“Another attempted murder?” Harry asked me.
“Don’t ask.”
“I just did.”
“This one succeeded.”
Harry hesitated, only the sound of his breathing telling me he was still there. His tone sombered when he resumed.
“What’s Mort have to say about this?”
“I don’t know. He’s on his way here now.”
“What do you mean, he’s on his way? In this storm?”
“He’s coming by snowmobile.”
“Do we have a bad connection, or did you just say he’s coming by snowmobile?”
“What is it you have to tell me, Harry?”
“See what happens when I’m not there to protect you? Maybe I should head up there, too.”
“You’re in New York.”
“But I’ve always wanted to see what five feet of snow looks like. Imagine all the bodies you could bury in that. . . .”
“I don’t have to imagine that,” I told him. “I’m living it right now.”
“Well, here’s something that might help. Does privilege exist between a private detective and his client?”
“You know, I’m not sure.”
“If it doesn’t, we never had this conversation, okay? Because it involves breaking a whole bunch of federal banking laws.”
“You’ve lost me, Harry.”
“Then allow me to get you back. I have a hacker friend who specializes in bank accounts, brokerage statements, investment accounts—all that sort of thing. Anyway, he was able to hack into the checking account of a certain PI named Loomis Winslow.”
I recalled texting Harry the names of all those comprising the wedding party and now understood why he’d needed them.
“Turns out there was a rather sizable check deposited from a certain trust account. Care to guess who the signatory of the trust was?”
“Can you just tell me?”
“Constance Mulroy.”
* * *
* * *
Harry had just added yet another piece to an increasingly twisted puzzle. In the scenario I conjured, Connie’s hiring of Loomis Winslow must have been connected with the funds her husband had fleeced from his clients, provoking the investigation that led him to jump off the Brooklyn Bridge on the eve of his arrest. If that were the case, I could also assume that whatever Winslow had uncovered had led to his death. So no longer was the detective’s presence in Cabot Cove a mystery in itself; he must have come here to meet directly with his client but had somehow ended up at that old textile factory before he could do so. His presence inside the decrepit, crumbling structure, though, indicated he’d ended up meeting with someone else entirely before he was murdered.
And not by Bigfoot either.
So who? And for what purpose? And how might the murder of Loomis Winslow be connected with the murder of Mark Mulroy and the attempt on his mother’s life?

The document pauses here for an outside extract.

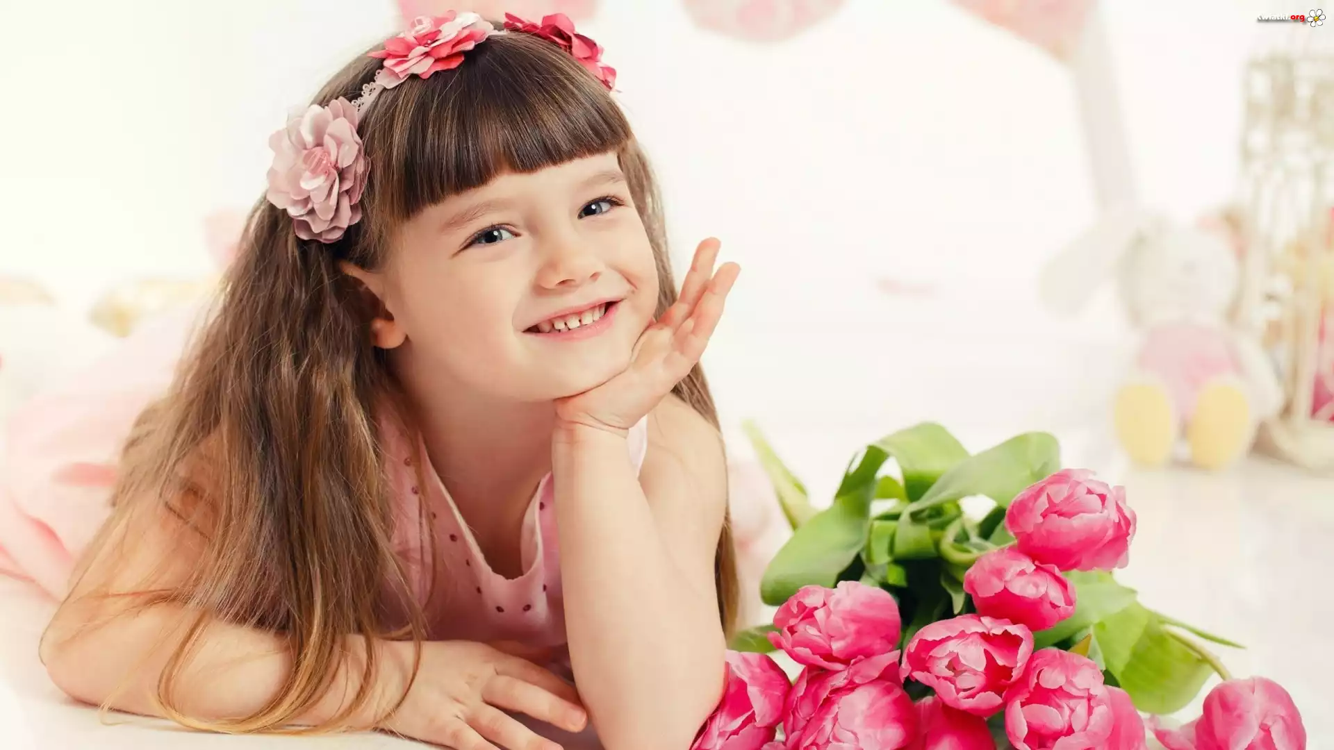 Kwiat Uśmiechnięta, Dziewczynka, Wianek, Tulipany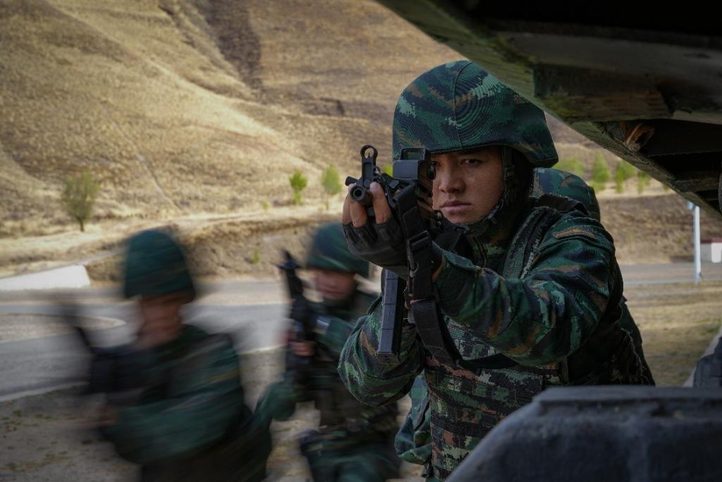 ↑達(dá)娃卓嘎(右一)和戰(zhàn)友進(jìn)行戰(zhàn)術(shù)訓(xùn)練

Before signing off with Harry, I forwarded him the text message containing the links detailing how comparably sized and similarly isolated groups had been summarily wiped out one or two at a time. If we were being toyed with, if the serial mass murderer behind those incidents had staked his claim here, that would substantially change the nature of what we were facing. Solving a mystery starts with motive, but when that motive is in itself the pure joy of killing, there is no launching point for the investigation. That didn’t appear to be the case here, but who’s to say seeking pleasure wasn’t part of this killer’s modus operandi? Maybe all the victims in these other mass murders were associated with one another, with secrets to hide and scores to settle that the killer was able to seize upon. In that scenario, I might be facing the most challenging adversary I’ve ever come up against.
“There’s something else,” I told him, already picturing all Harry might be able to unearth about those two other murder sprees.
“Wait a minute while I work my cash register. . . . Ka-ching! Ka-ching! . . . Okay, I’m ready.”
“How are you with birth certificates, Harry?”
“Well, I like to avoid my own because it reminds me I was born, but other than that, what do you need?”
“If I gave you names and approximate birth dates, could you track them down?”
“What about city and hospital of birth?”
I shook my head, even though he couldn’t see me. “Sorry.”
“Ka-ching! Ka-ching!” he said again. “The difficult I can deliver in five minutes. The impossible takes a bit longer and tends to be very expensive.”
“Put it on my bill.”
“Your bill’s longer than one of your books at this point. So, what are these names?”
* * *
* * *
I needed to wait for Harry to learn what he could about the other incidents, along with the other hunch I was playing. I needed to wait for Mort to arrive by snowmobile to take charge of the investigation.
In the meantime, I took the elevator to the second floor to assist Seamus McGilray’s efforts in securing the guests in their rooms. I stepped off the elevator to find staring at me a bearded mountain of a man I’d never seen about Hill House before.
“You must be Mrs. Fletcher,” said the man, who was wearing a Hill House kitchen uniform stretched at the seams by his vast bulk.
Bigfoot, I thought, as Seamus drew even with us. “I see you’ve met Eugene. I asked him to stand guard in the hallway to discourage anyone from leaving their rooms.”
“How are things holding up, Constable?” I asked, finally lifting my gaze from the bearded mountain of a man.
“All guests secured in their rooms, having been advised that we intend to conduct searches in quest of Mrs. Mulroy’s missing tote bag.”
We started down the hall to begin that process.
“Tell me about Eugene,” I said softly.
“He’s a temp we brought on for the wedding-party weekend, as we call it. As you know, we’re short staffed during the winter, and we needed to beef up a bit even before our responsibilities became increased by the stranding of our guests.”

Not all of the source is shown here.